- Material to process
====

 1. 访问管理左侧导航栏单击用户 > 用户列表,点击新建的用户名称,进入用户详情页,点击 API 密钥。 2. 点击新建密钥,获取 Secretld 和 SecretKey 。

====

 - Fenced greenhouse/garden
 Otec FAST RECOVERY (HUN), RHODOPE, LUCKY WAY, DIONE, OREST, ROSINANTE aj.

====

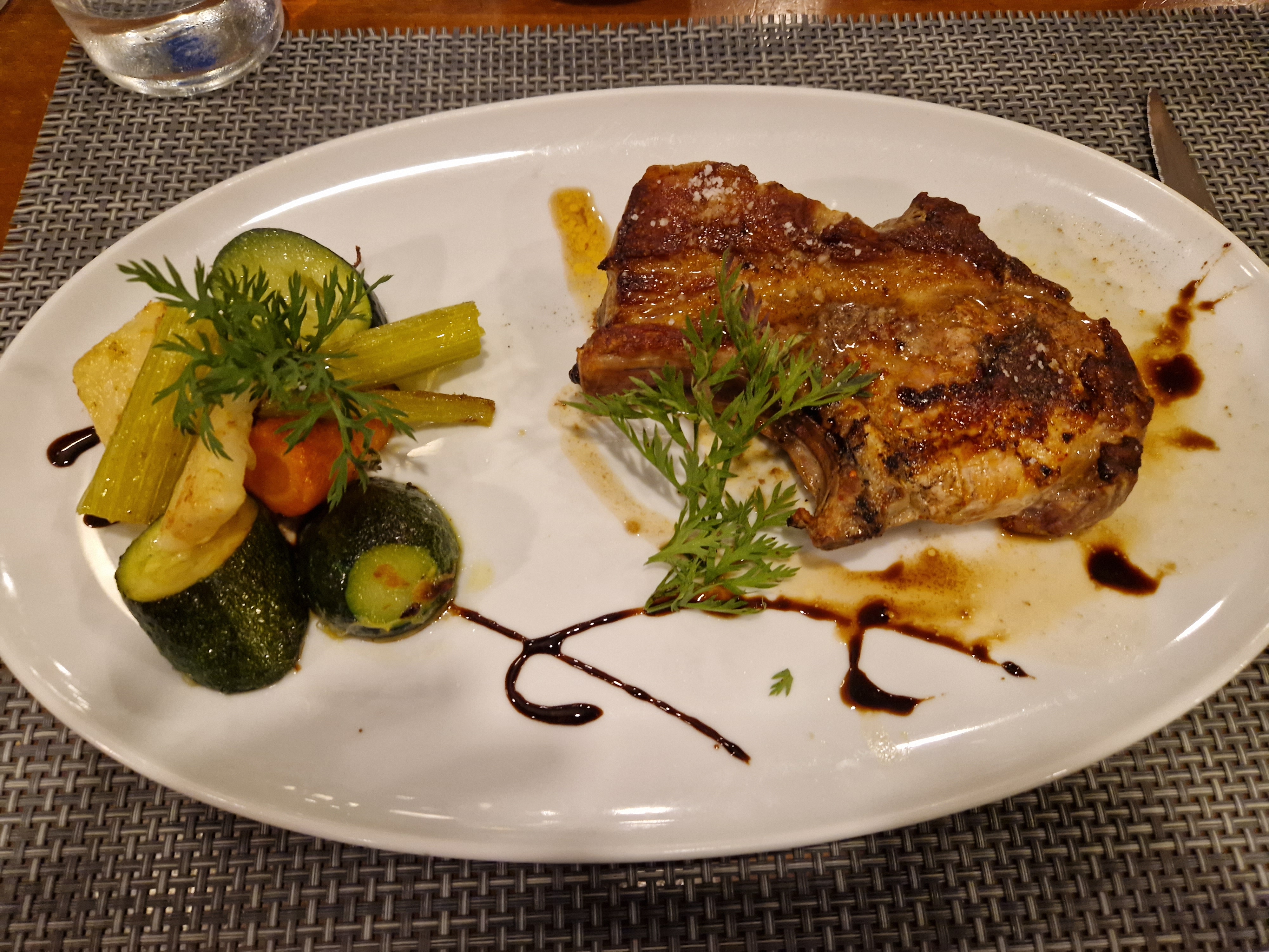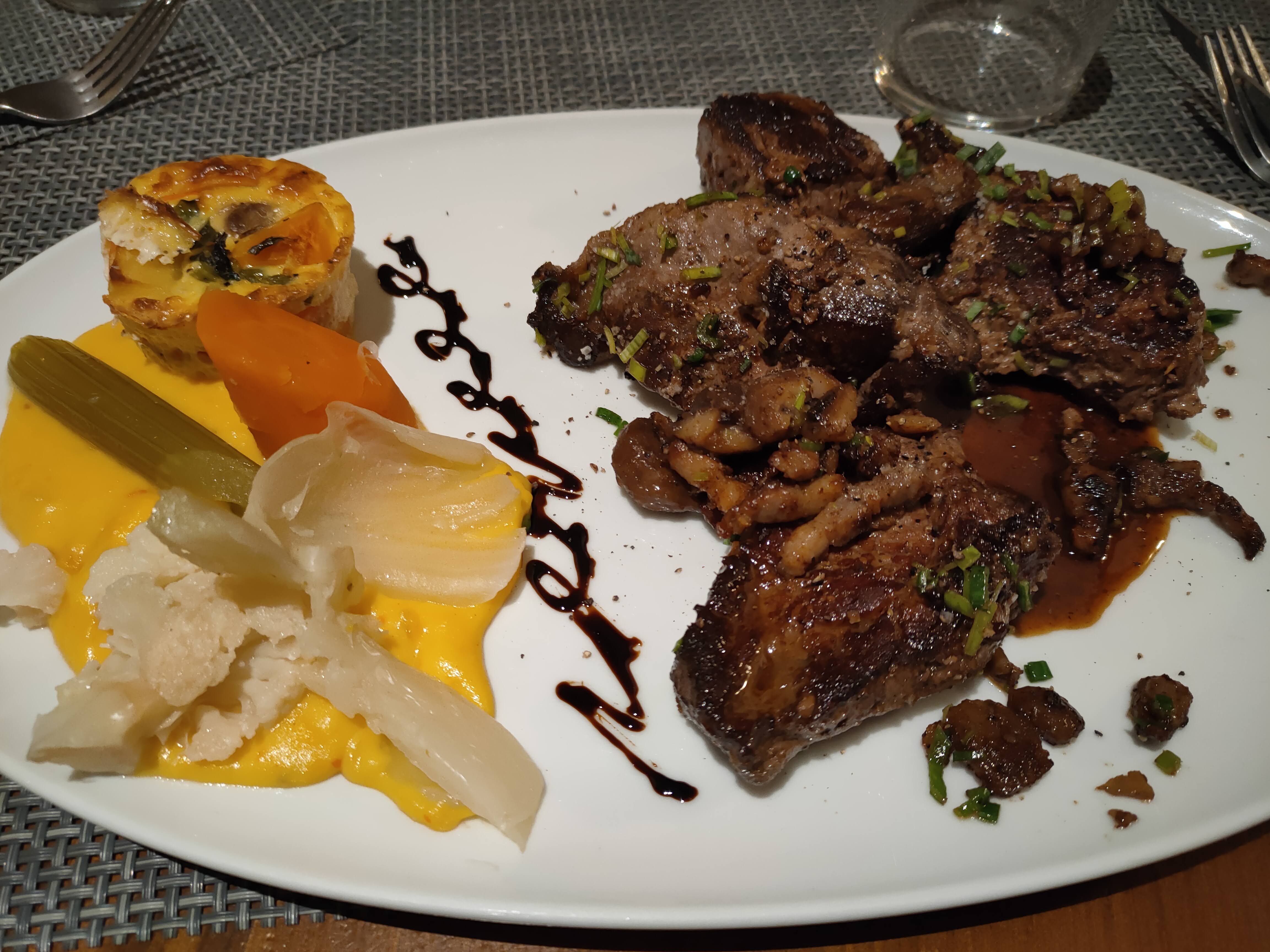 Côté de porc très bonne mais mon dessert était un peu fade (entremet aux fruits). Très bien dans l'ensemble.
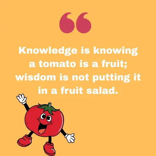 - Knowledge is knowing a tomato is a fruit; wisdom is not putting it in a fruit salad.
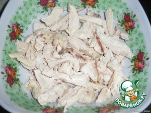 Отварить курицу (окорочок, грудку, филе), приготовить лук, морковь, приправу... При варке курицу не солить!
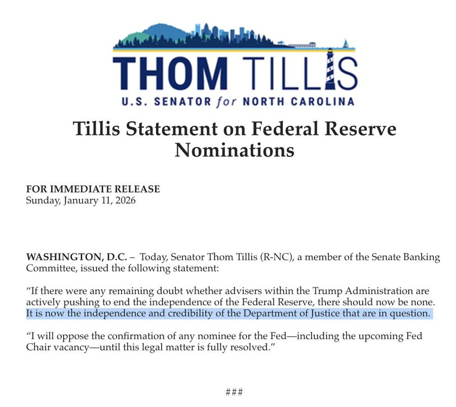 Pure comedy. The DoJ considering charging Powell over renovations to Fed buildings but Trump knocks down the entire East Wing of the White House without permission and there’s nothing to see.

====

Above are the records; restate exactly the lines from the one containing "Отварить курицу (окорочок, грудку, филе), приготовить" through the one containing "Pure comedy. The", keeping pictures out.

- Reply
 Отварить курицу (окорочок, грудку, филе), приготовить лук, морковь, приправу... При варке курицу не солить!
 Pure comedy. The DoJ considering charging Powell over renovations to Fed buildings but Trump knocks down the entire East Wing of the White House without permission and there’s nothing to see.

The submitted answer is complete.